# Movie-Verse Optimus Prime



## PixelMagic (Aug 25, 2004)

Normally I'm a Star Trek or Star Wars modeler, but I decided to do something little out of that arena. I'm making a gundam-like kit of Optimus Prime. It's the DMK-01 Dual Model Optimus Prime kit from Takara Tomy. It is VERY movie accurate, one of the best kits I have ever laid eyes on. The detail on this thing is mind blowing. Anyway, since it's still science fiction, I thought a few of you guys might like to see it. Here are some progress pics below.

Base Skeleton Painted with metallic paints.


















Red Truck part with battle damage and flame decal.

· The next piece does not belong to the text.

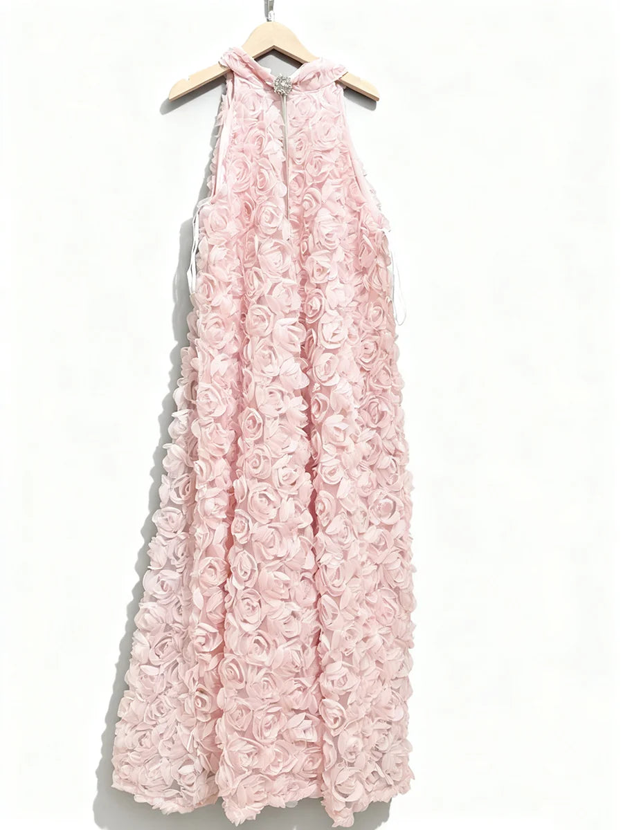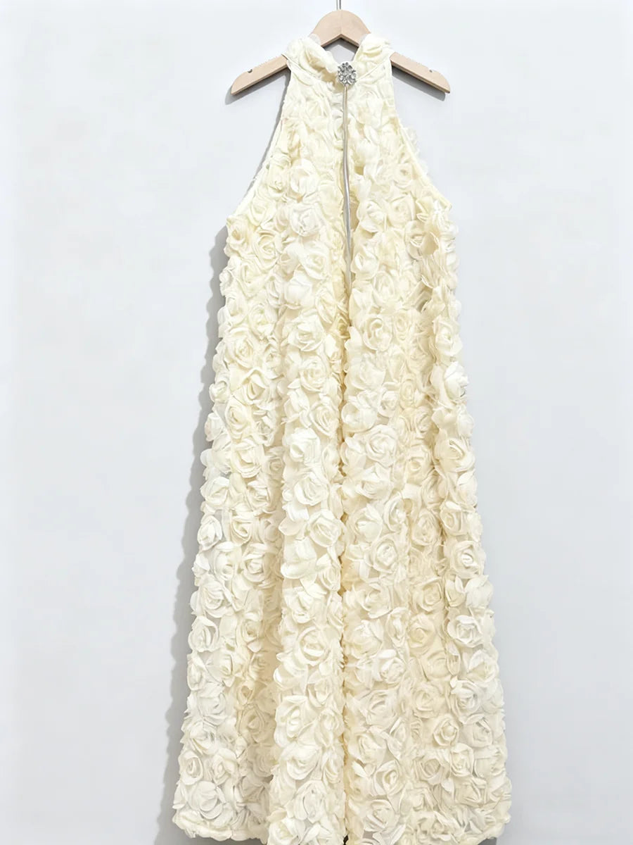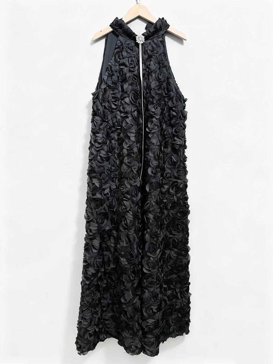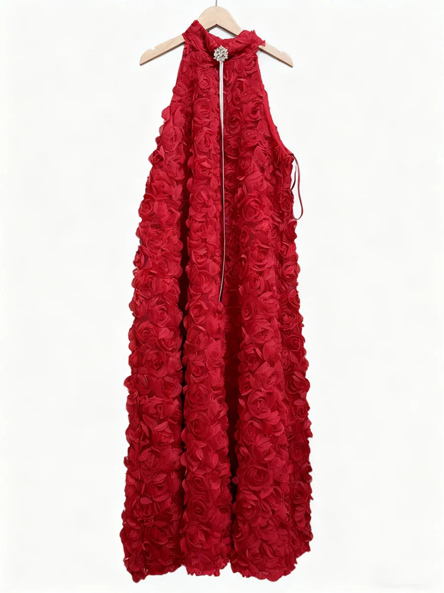 Trend4us Elegant 3D Rose Appliqué Halter Midi Dress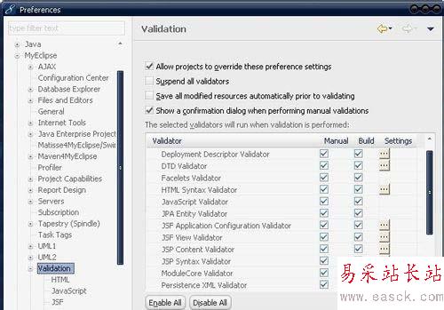 1、Windows –> Perferences –>Myeclipse –> Validation,保留manual(手動)部分,build下只留"classpath dependency Validator" 。

And the skeleton with first weathering pass. (Note blue truck parts on leg)


----------



## Ace Airspeed (May 16, 2010)

That's pretty cool! :thumbsup:

Looking forward to more progres pics............


----------



## Xenodyssey (Aug 27, 2008)

Wow. I didn't know any company had attempted to bring out kits of the robots from the movies - because of the insane amount of detail in them. 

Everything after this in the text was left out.